What evidence do you have that this is the case?
Consider this modification to your experiment:
Case 1:
func foo(inout a: [Int], inout b: Int) {
a[0] = 4
a[1] = 5
a[2] = 6
b = 99
}
var arr = [1,2,3]
foo(&arr, b: &arr[2])
print(arr) // prints "[4, 5, 99]"
Now consider this one:
Case 2:
func foo(inout a: [Int], inout b: Int) {
a = [4, 5, 6]
b = 99
}
var arr = [1,2,3]
foo(&arr, b: &arr[2])
print(arr) // prints "[4, 5, 6]"
Clearly, modifying the individual elements of a is not the same as assigning an array to a.
In Case 1, we modified the original array turning the elements into 4, 5, and 6, and the assignment of b changed a[2] as expected.

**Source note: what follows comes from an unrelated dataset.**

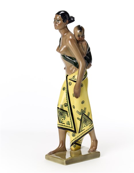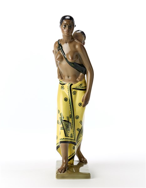 Abele Jacopi "Maternità abissina" Scultura in ceramica formata a colaggio e smal

In Case 2, we assigned [4, 5, 6] to a which didn't change the original values to 4, 5, and 6 but instead pointed a to a new array. The assignment of b does not change a[2] in this case because a now points to a new array at a different location in memory.
Case 3:
func foo(inout a: [Int], inout b: Int) {
let a1 = a
a = [4, 5, 6]
b = 99
print(a) // prints "[4, 5, 6]"
print(a1) // prints "[1, 2, 99]"
}
var arr = [1,2,3]
foo(&arr, b: &arr[2])
print(arr) // prints "[4, 5, 6]"
In Case 3, we are able to assign the original array to a1 before assigning a new array to a. This gives us a name for the original array. When b is assigned, a1[2] gets modified.
From the comments:
Your answer explains why the assignment to b inside the function
works. However, when foo ends and copies the inout variables back, at
that point I don't see how swift knows to defer deallocating the
original array until after the &[2] assignment.

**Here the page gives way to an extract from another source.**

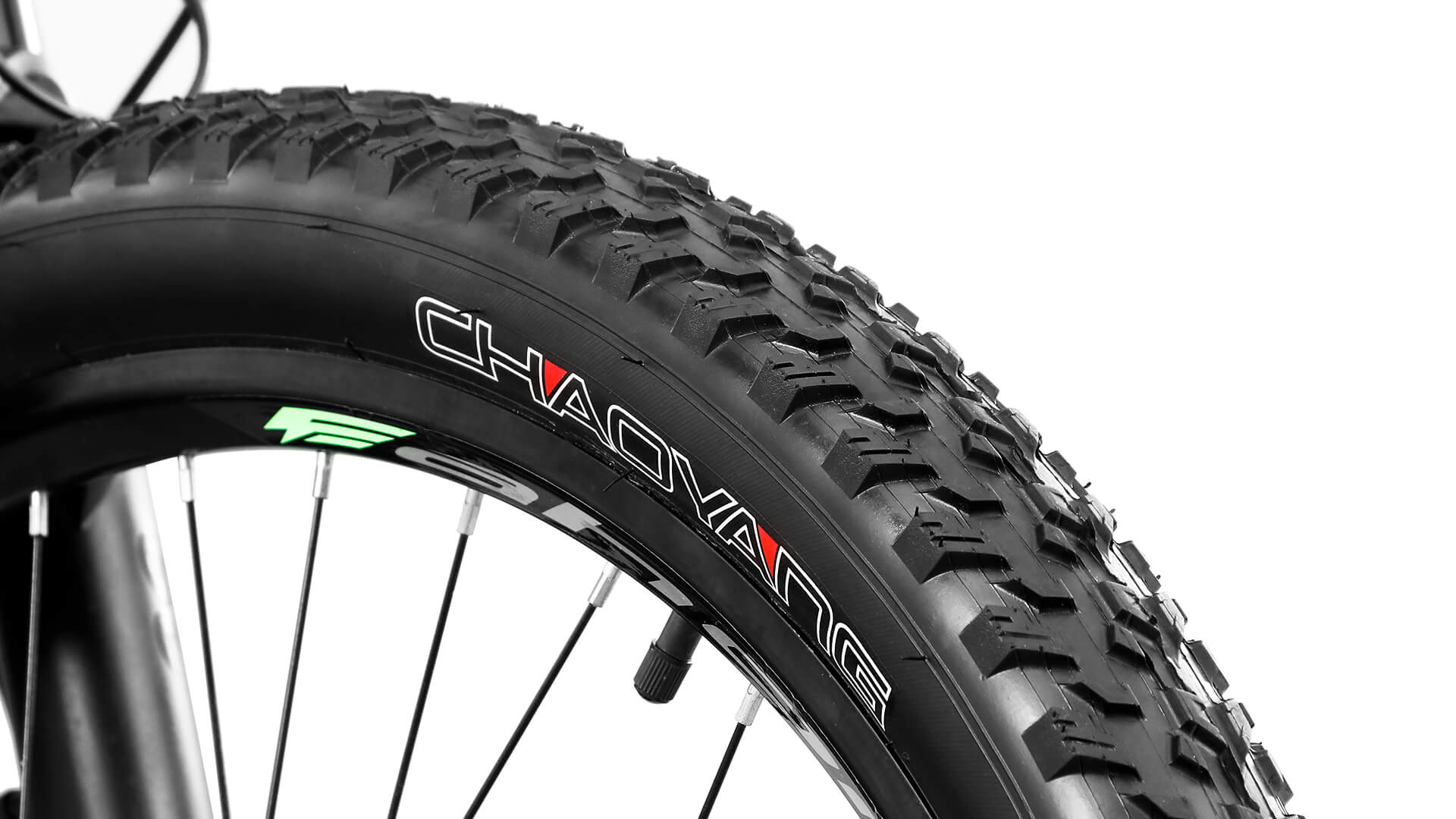 - 27.5" * 2.8" CHAOYANG tires; tire pressure marked on sidewall.

It is likely that this is a result of reference counting by ARC. The original array is passed by reference to foo and the reference count is incremented. The original array isn't deallocated until the reference count is decremented at the end of foo.
It seems just as hairy as what the docs already disallow - passing the
same variable twice as inout. Also your case3 is surprising. Shouldn't
the let a1 = a line do struct / value semantics and copy a snapshot of
the array right then?
Yes. I agree that Case 3 is surprising, but it does reveal some of what is going on under the covers. Normally when you assign one array to a new variable, Swift does not immediately make a copy. Instead, it just points the second array to the first and the reference count incremented. This is done for efficiency sake. It is only necessary to make a copy when one of the arrays is modified. In this case, when a gets modified, a1 keeps the original copy of the array in memory.

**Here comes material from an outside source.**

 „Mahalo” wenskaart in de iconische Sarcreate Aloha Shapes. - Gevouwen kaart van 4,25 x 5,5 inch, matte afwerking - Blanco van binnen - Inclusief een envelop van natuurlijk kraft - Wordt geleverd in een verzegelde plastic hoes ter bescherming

That's really confusing; I don't see why a1 wouldn't get 1,2,3. Also a
let should be immutable!
The fact that a1 gets modified when b is set shows that a1 is pointing to the memory of the original array. Swift apparently doesn't consider setting b as modifying a1. Perhaps because it already made sure a was mutable when foo was called with &a[2].